Да, но это был другой Путин, другой Владимир Путин.
Вы правы в том смысле, что это очень неприятно, это серьезный удар в момент, когда надо задумываться о транзите системы, о трансферте, вдруг выясняется, что позиции довольно шаткие, совсем не такие… Но это же нормально, система всегда изживает себя. Многие вещи надо было делать, когда не было никаких серьезных угроз, не было соперников, тогда казалось, что перед тобой бесконечность. Вдруг выяснилось, что это не так.
Да и про замену… Про замену КПРФ, это вот знаете…
Невозможно заменить, совершенно верно.
Знаете, есть две такие темы, как два больных зуба в российской политике — объединение на правом фланге и заменить КПРФ другой левой партией. Вот и то, и другое, про это я слышу годами.
Невозможно заменить. Нужно попытаться сформировать новую левопопулистскую партию, которая пыталась бы вот с этими двумя бороться.
И как обычно, Миронов и «Справедливая Россия», которые у нас стоят, дежурят.
Миронов готов уйти в Совет Федерации.
Где он тоже уже был.
Да, уже не в прежнем качестве. Он был рядовым сенатором, в общем, вы помните.
Он был председателем…
Совершенно верно, был председателем, уже был и в качестве рядового сенатора. Объединить, скажем, «Справедливую Россию» и «Родину», сделать новую совершенно партию, попытаться что-то объединить, уже при помощи Кремля, на либеральном фланге…
Это особенно смешно, объединить «Справедливую Россию» и «Родину», потому что «Справедливую Россию» создавали, объединяя ее с «Родиной», то есть это абсолютно «входит и выходит», из «Винни-Пуха».
Совершенно верно.
Мы это уже делали, там уже «Родина», а мы пытаемся ее еще раз включить.
Вы правы, скорее всего, дважды в эту реку войти уже не удастся, поэтому будут думать, гадать, скорее всего, ничего не сделают, потому что риски будут превышать выгоды. Хотя, может быть, какие-то движения в этом направлении будут делать, само обсуждение это уже в некотором смысле движение. Задумаются о том, чтобы «закрутить гайки», в этом у меня нет сомнений.

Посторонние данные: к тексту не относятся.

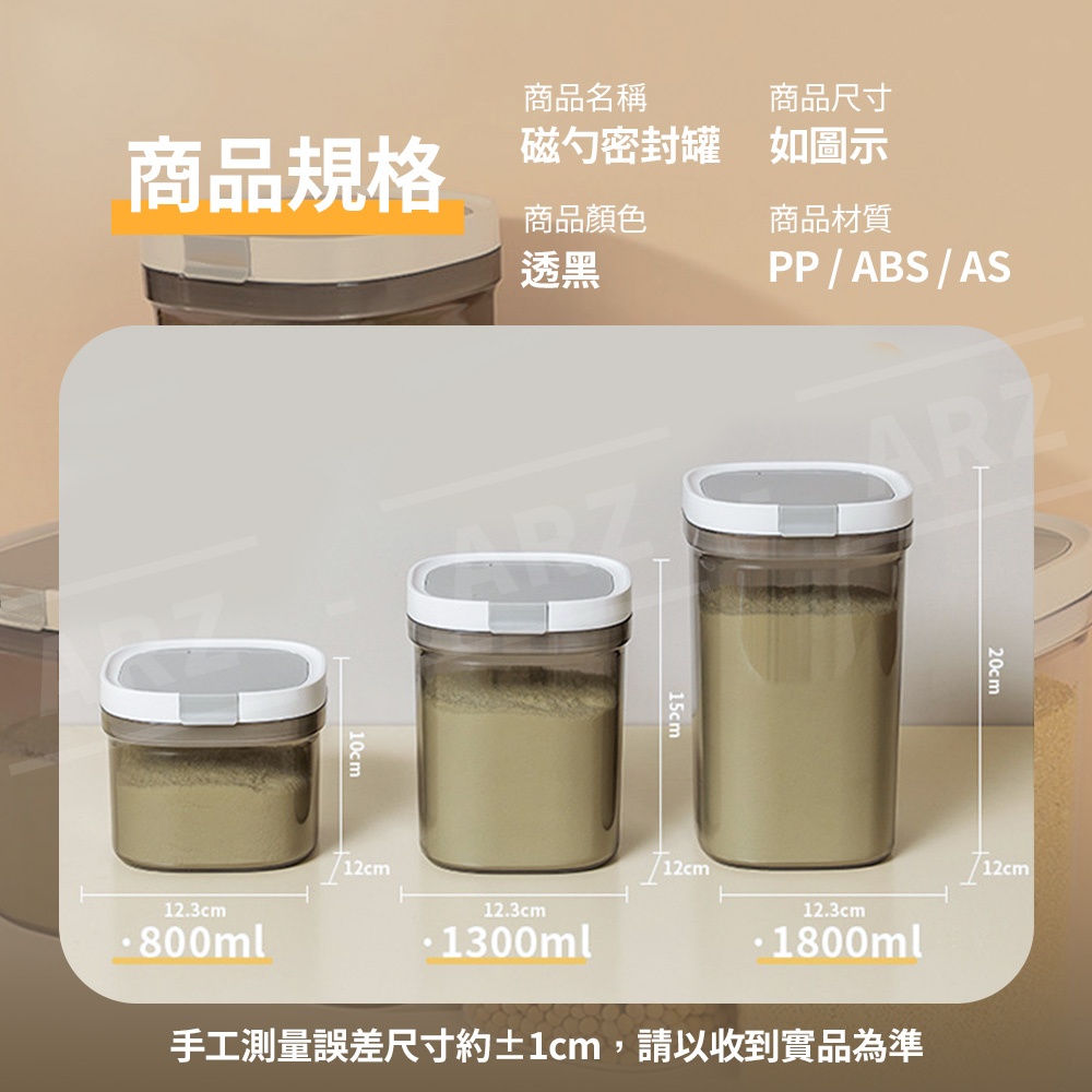 奶粉密封罐 食品密封罐 贈磁吸匙【ARZ】【E250】麵粉收納罐 奶粉罐 分裝盒 密封罐 防潮罐 咖啡罐 保鮮罐 儲物罐800ml|1300ml|1800mlFood StorageARZ行動商城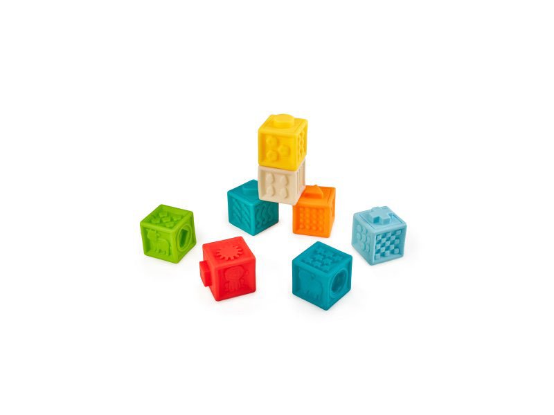 Конструктор учит различать цвета и геометрические формы, а научившись правильно подбирать грани, позволит соединять между собой кубики. Цифры на гранях кубиков помогут в изучении счёта.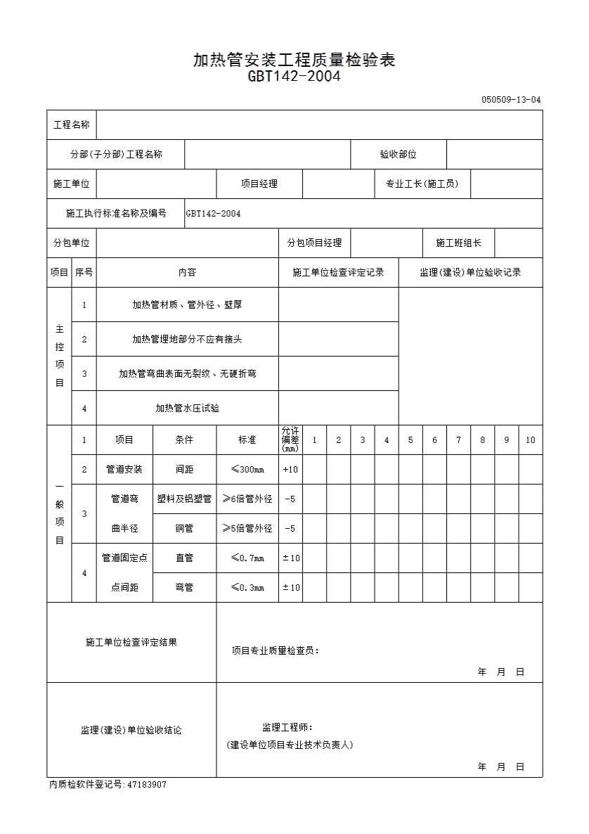 表格名称:5 加热管安装工程质量检验表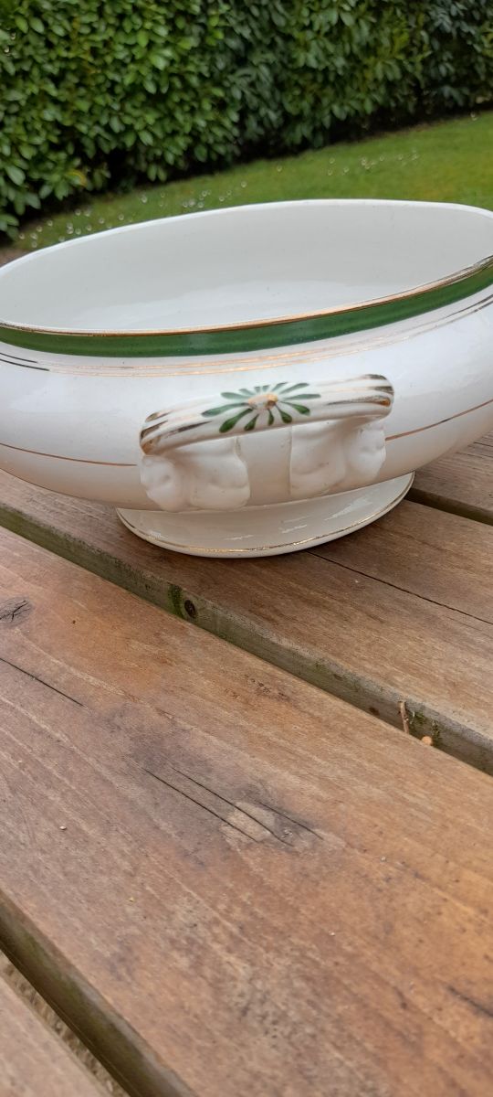 Très jolie, forme arrondie, élégante et sobre avec ses liserés dorés et verts et un petit motif de fleurs peint main sur chaque anse, elle peut servir de saladier, de coupe de fruits, ou même de jardinière à fleurs printanières.
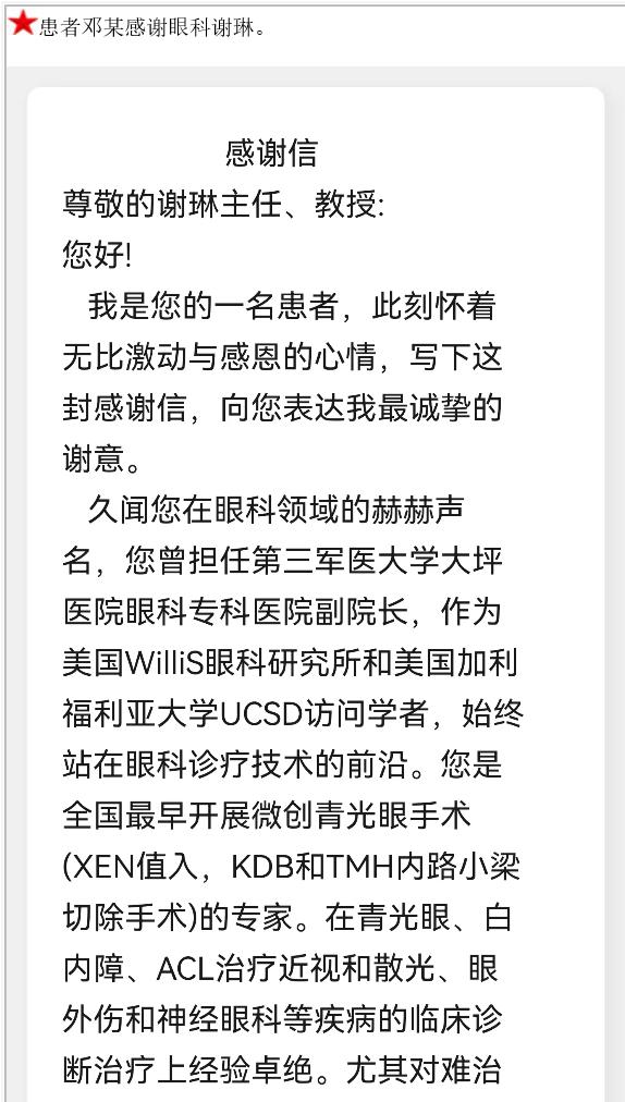 患者邓某的感谢信。-感谢信-患者心声-患者服务-重庆医科大学附属第三医院【官方网站】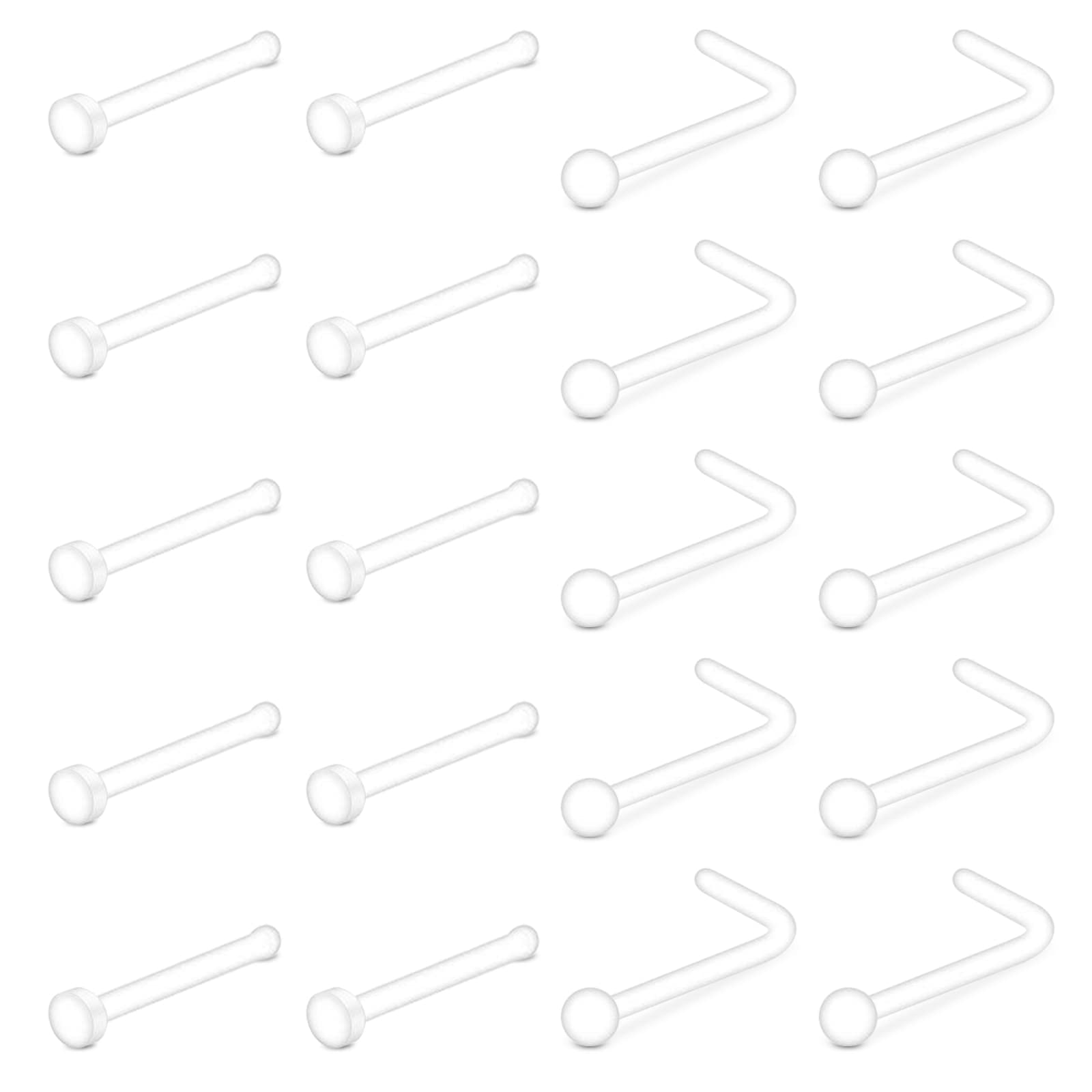 D.Bella 18G 20G Clear Nose Studs Acrylic L Shape Nose Rings Bioflex Bone Pin Straight Nose Studs Flexible Nose Piercing Retainer Flat Top for Men Women

И мы возвращаемся к разговору о том, какие перспективы у Навального, и что его ждет.
Я не думаю, что его решаться тронуть. Я не думаю. Вот «подвесить», да, крючок, показать, что он «на крючке», что он зависим…
Это то, что было сделано последними двумя арестами?
Совершенно верно. Но я не думаю, что решатся. Потому что реакция на его арест, на уголовный, может оказаться гораздо более сильной, чем во время первой попытки, помните, и совершенно непредсказуемой. Публичность и его смелость сейчас — это его единственная защита, он еще и в этом смысле поступает совершенно правильно. Я убежден в этом.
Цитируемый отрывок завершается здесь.